Online trading is becoming increasingly popular among investors in India. Technology has made it easy for investors to buy and sell stocks online, saving time and making it more accessible to a wider audience. However, before diving into online trading, investors must get a deep understanding of right issues in the Indian stock market, which will help make informed decisions.
What are Right Issues?
Right issues are a mechanism through which a listed company can raise capital by offering its existing shareholders the right to buy additional shares at a discounted price ratio. It is a way for the company to raise funds without approaching external sources, thereby maintaining ownership. The price of the right issue is usually lower than the market price.
Right issues are announced by companies to raise capital or reduce their high debt levels. Right issues can be renounced too. A shareholder can sell his/her rights to buy shares to another investor.
It is essential to understand the right issues because it is a way for investors to increase their stock portfolio while availing of a discounted price. Investors can purchase additional shares at a preferred ratio if they already hold shares in a particular company. The discount offered on the issue price is an incentive for shareholders to exercise their right to buy additional shares.
Present calculations
Suppose a listed company XYZ announces a right issue for its shareholders at a discounted price ratio of 3:5 and at a price of INR 100. In this scenario, the existing shareholders will be given the right to buy 3 additional shares for every 5 shares held.
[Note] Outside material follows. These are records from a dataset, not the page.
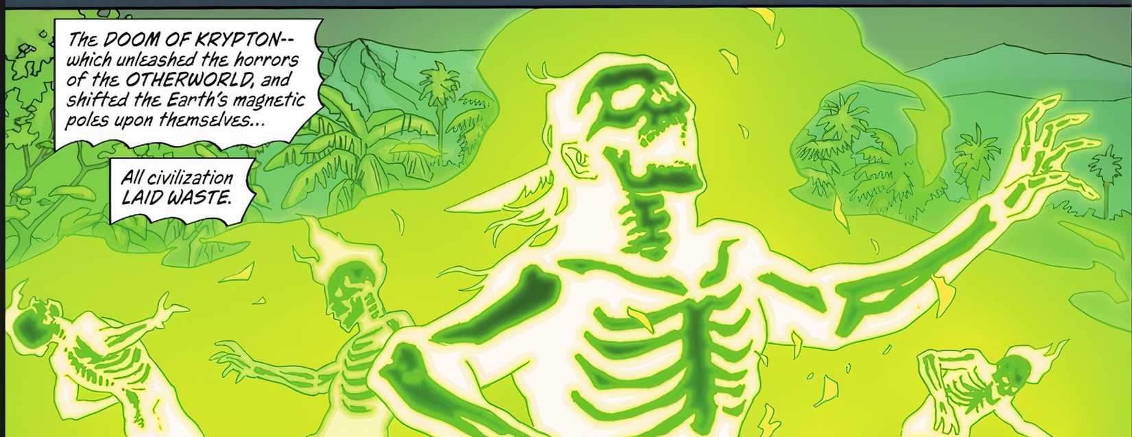 Notas extrañas de que Diana revela que la Perdición de Kriptón desató horrores de la “Otro mundo” arrasando toda la civilización, incluido el hogar perdido de las Amazonas, Themyscira. Cuando se perdió Themyscira, las Amazonas sobrevivientes huyeron al reino ubicado en el núcleo de la Tierra. Sin embargo, parece que incluso antes de que los kriptonianos provocaran el fin de la civilización, ya había tensión entre ellos y las Amazonas. Diana menciona que la Las amazonas siempre se habían abstenido de utilizar el “ciencia inefable” de los kriptonianoslo que sugiere una discordia de larga data entre los dos pueblos.
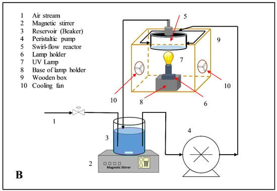 (A) The design layout of the swirl flow photoreactor and (B) A schematic representation of the experimental setup.
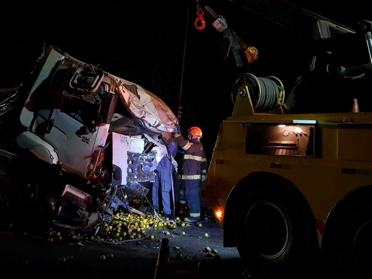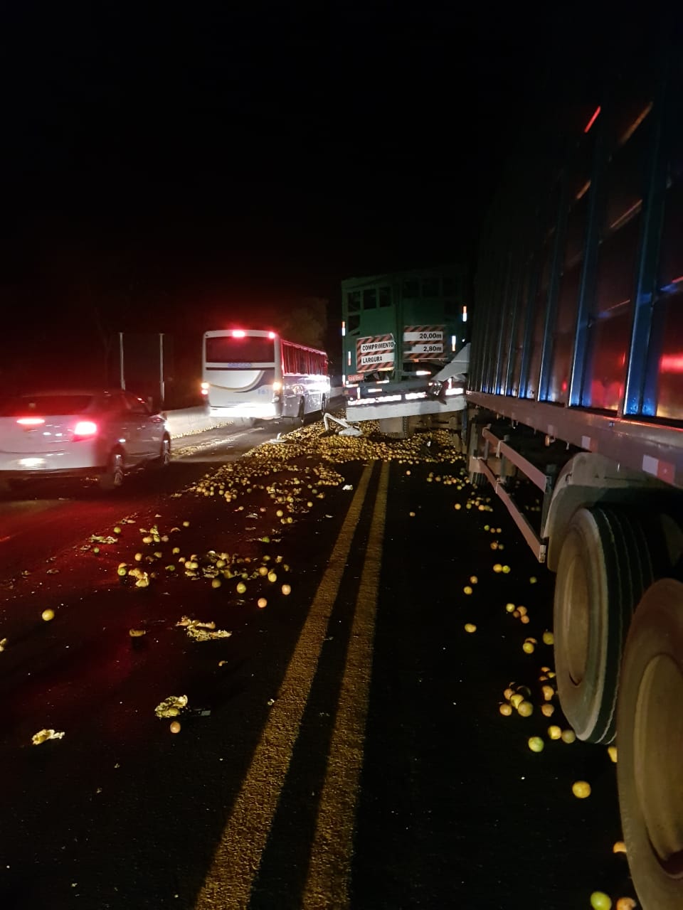 O veículo caminhão VW da cor branca, carregado com laranjas, conduzido por Douglas, o qual seguia sentido Jau/Araraquara, por razoes desconhecidas não teria respeitado a sinalização temporária , vindo a tomar a faixa de rolamento permitida aos veículos que transitavam sentido Araraquara/Jau, seguindo na contramão de direção, vindo a colidir de frente com a Scania L 110, da cor laranja, a qual estava sem carga e era conduzida pela vítima fatal Januário e logo atrás deste, seguia o veículo Volvo FH da cor branca, o qual estava carregado com bagaço de cana, conduzido por Lucas, que nada sofreu, apenas sentiu dores nos joelhos. Lucas relatou que repentinamente o veículo da cor branca veio em direção ao veículo cegonha, que transitava a sua frente e ocorreu a colisão. Lucas tentou frear seu veículo, mas colidiu na traseira do veículo do tipo cegonha. No local também esteve a Polícia Rodoviária. Os motoristas ficaram presos nas ferragens. Após horas de trabalho do órgãos competentes, os corpos foram encaminhados ao IML.

Thus, if shareholders exercise this right, they will receive one additional share at a discounted price for every two shares held by them.
Therefore, if an investor holds 100 shares of XYZ, he/she can purchase an additional 60 shares at INR 100 by leveraging the discounted price of the right issue. The total purchase would cost INR 6000 for 60 additional shares obtained at a discounted price of INR 100.
Disclaimer
Investing in the stock market involves risks. Right issues meaning is vital to grasp before making investment decisions. However, investors must gauge all the pros and cons of trading in the Indian stock market. They should review the company’s financial position, and market reputation, research, and analyze the sector outlook. Investing in shares that are underpriced compared to their intrinsic value are likely to give investors better returns.
In conclusion, online trading has opened up new avenues for investors to participate in the Indian stock market. A thorough understanding of concepts like right issues, and astute investment decisions will help investors succeed in their endeavors. It is advised that investors educate themselves and seek professional advice before investing in the stock market to manage risks and enhance their returns.